The study looks at the percentage change in the DJIA over different lengths of time (2-4 years) and how it correlates to different election outcomes. The researchers also include the traditional big three predictors of Presidential elections: economic growth, inflation, and unemployment. The study concludes that the three-year change in the DJIA is the best predictor. Further, when the DJIA predictor is included in the model, the other “Big Three” predictors become insignificant.

I’m going to test the three-year model to determine if it can predict whether the incumbent wins or loses. I also include other election outcomes in the worksheet if you want to try those out.

Assessing the Model with Binary Logististic Regression

Because the election outcome for the incumbent only has two possible values (Win or Lose), we need to use Binary Logistic Regression. And, we have one predictor, the percentage DJIA change over three years. We get the results below.

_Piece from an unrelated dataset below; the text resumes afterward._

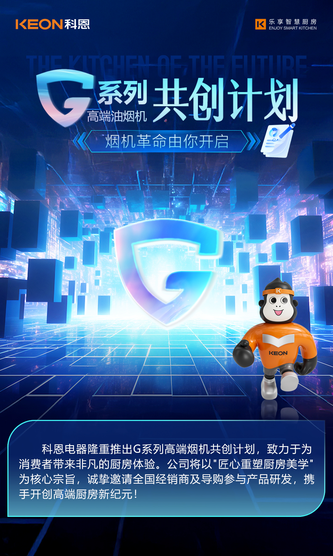 廚房,是家的心臟,承載著無(wú)數(shù)溫暖與美味。科恩以用戶視角為核心,為打造極致廚房體驗(yàn),正式啟動(dòng)2025 G系列高端油煙機(jī)合作伙伴共創(chuàng)計(jì)劃。公司將秉持“以匠心重塑廚房美學(xué)”的產(chǎn)品理念,誠(chéng)邀科恩全國(guó)經(jīng)銷商、導(dǎo)購(gòu)、售后參與產(chǎn)品研發(fā),開(kāi)啟金點(diǎn)子征集行動(dòng),共同攜手,開(kāi)創(chuàng)高端廚房新紀(jì)元!

Binary logistic output for the Dow Jones model

The p-value for the Dow Jones changes is significant at 0.025. Further, the odds ratio is 1.10, which indicates that every 1% increase in the Dow Jones is associated with the incumbent being 1.10 times more likely to win. The goodness-of-fit tests (not shown) all have very high p-values (greater than 0.6), which suggests that the model fits.

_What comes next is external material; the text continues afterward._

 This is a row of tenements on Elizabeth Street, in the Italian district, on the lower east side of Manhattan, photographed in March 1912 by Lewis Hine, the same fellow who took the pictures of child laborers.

We should also look at the concordant/discordant pairs in the output:

Binary logistic output for the Dow Jones model

This portion of the output indicates whether the predicted event probabilities of the binary logistic regression model match the observed outcomes. To do this, Minitab compares all pairs of observations that have different response values (Win or Lose) and their predicted event probabilities.

  • If the predicted probability of success is higher for the observation corresponding to a "success," the pair is considered concordant.
  • If the predicted probability of success is higher for the observation corresponding to a "failure," the pair is considered discordant.

For the Dow Jones model, 86.3% of the pairs are concordant, which is excellent! There are nearly 7 times as many pairs that are concordant than are discordant. In other words, the predicted event probabilities are accurate.

Predicting the Election with Minitab

The authors of the study specifically don’t use the model to predict the election's outcome because, for them, it's a study designed to determine the stronger influence in voting behavior. But why let that stop us from using their model to make a prediction? We have determined that the three-year percentage change in the DJIA is a significant predictor and that the model produces accurate event probabilities.

So, we just need to enter the the percentage change in the Dow Jones from November 1, 2009  to October 31, 2012 (33.8%) in the Prediction subdialog for binary logistic regression. Enter 33.8 and we get the follow prediction output.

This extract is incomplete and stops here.